A router is made up of routes and variants. Here’s the full flow when a request hits a router:
  1. Route evaluation — Conditional routes are checked in order. The first match is selected, and if none match, the default route is used.
  2. Variant selection — Within the matched route, a variant is chosen based on weights.
  3. Model called — The request is sent to a model based on the variant configuration. If the variant uses auto, the best model is dynamically selected based on the provided criteria.
If a user is specified in the Chat Completions request, that user will consistently receive the same variant across requests (sticky routing).

Routes

A route is a specific path within a router. There are two types of routes you can configure:
  1. Default route - This is the default route that will be used if no conditional routes exist or match. If no default route is configured and no conditions match, the API returns an error.
    {
      "defaultRoute": {
        "route_id": "default",
        "variants": [...]
      }
    }
    
  2. Conditional route - Conditional routes let you route requests based on runtime context (e.g., user tier). This can be useful if you want to segment users. Each conditional route includes a CEL expression that is evaluated against the request metadata (passed via extra_body.metadata in the Chat Completions request). Routes are evaluated in order, and the first route whose condition evaluates to true is selected.
    {
      "route": {
        "route_id": "premium",
        "variants": [...]
      },
      "condition": {
        "cel_expression": "tier == \"premium\""
      }
    }
    
    To trigger this route, pass the matching metadata in your Chat Completions request:
    {
      "model": "inworld/my-router",
      "messages": [{ "role": "user", "content": "Hello!" }],
      "extra_body": {
        "metadata": { "tier": "premium" }
      }
    }
    
    Since the first matching route wins, place more specific conditional routes before general ones.
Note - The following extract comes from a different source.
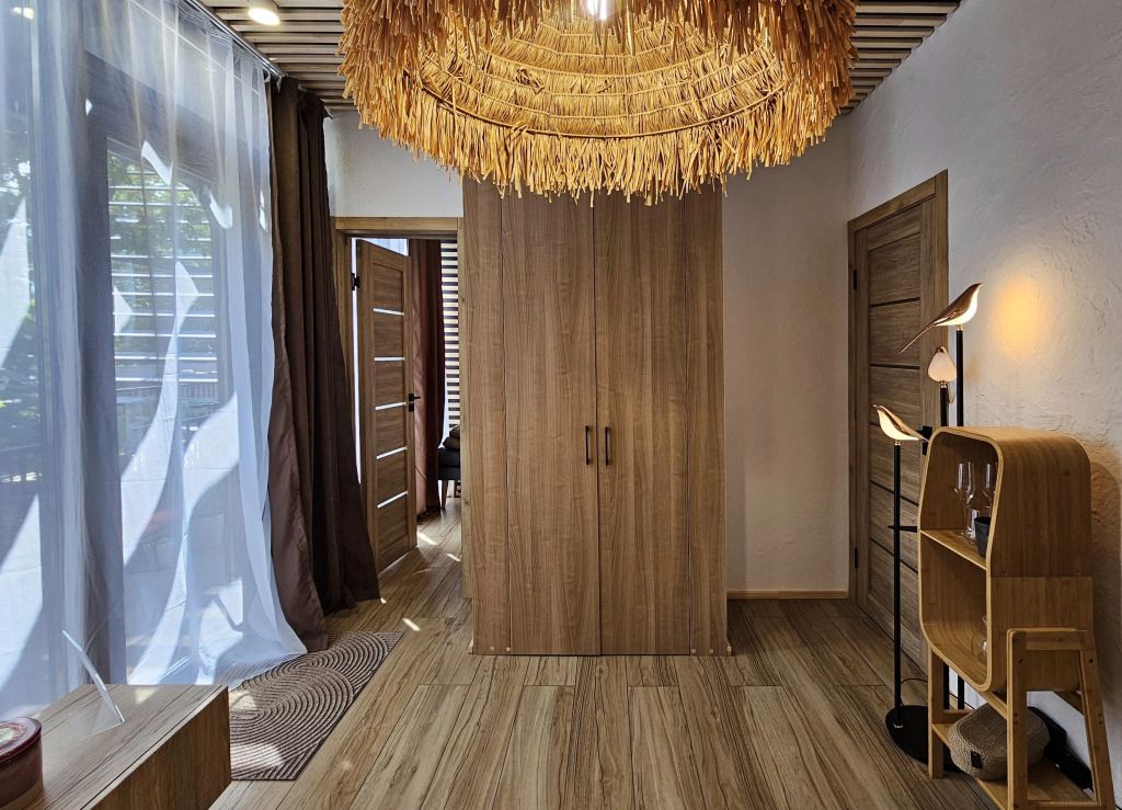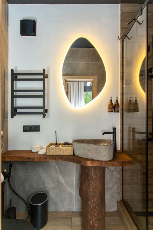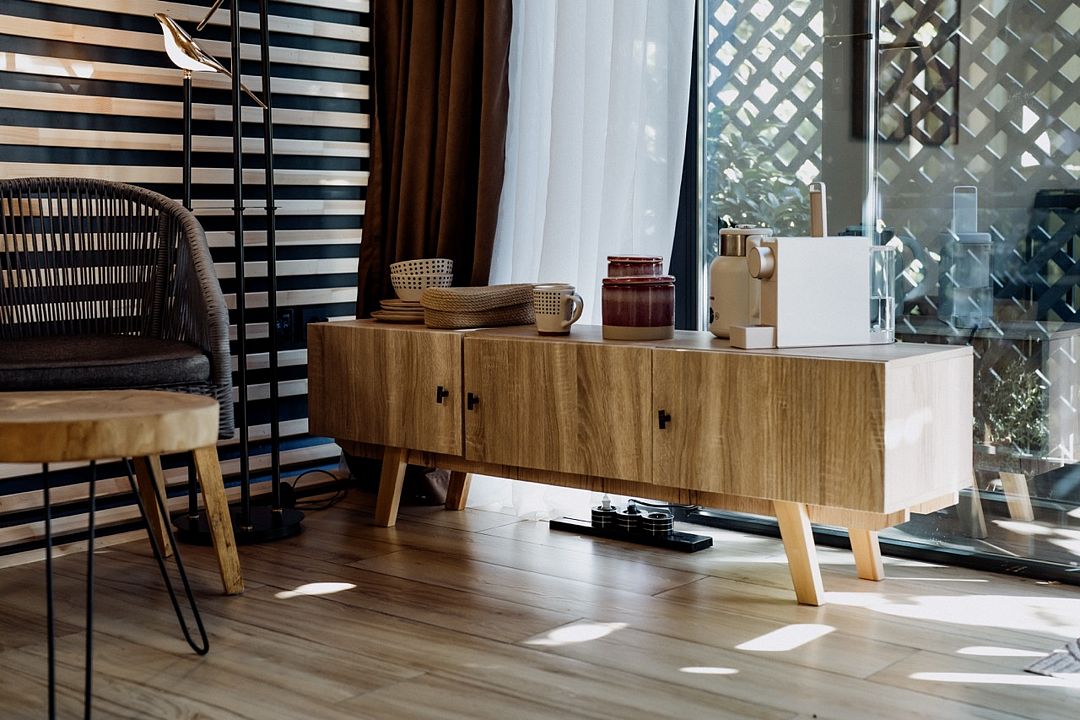 Дизайнерский интерьер бунгало выдержан в единой концепции и создает атмосферу стиля, делая ваш отдых в Красной Поляне не только приятным, но и изысканным.

For example, put tier == "premium" && region == "us" before tier == "premium" — otherwise the general condition would match first and the specific one would never be reached.

Variants

A variant is a specific configuration within a route. Each variant specifies which model to use and can optionally include its own text generation parameters and prompt templates. When a route has multiple variants, traffic is distributed based on weights. Weights must sum to 100 within each route. This is useful for A/B testing — for example, splitting traffic 50/50 between two models to compare performance:
{
  "route_id": "experiment",
  "variants": [
    {
      "variant": { "variant_id": "gpt5", "model_id": "openai/gpt-5.2" },
      "weight": 50
    },
    {
      "variant": { "variant_id": "claude", "model_id": "anthropic/claude-opus-4-6" },
      "weight": 50
    }
  ]
}

Variant configuration

Each variant supports the following fields:
FieldDescription
variant_idUnique identifier for this variant within its route.
model_idThe model to use (e.g., openai/gpt-5.2). Set to auto for dynamic model selection.
model_selectionConfigures auto selection criteria (when model_id is auto) or fallback models (when model_id is a specific model).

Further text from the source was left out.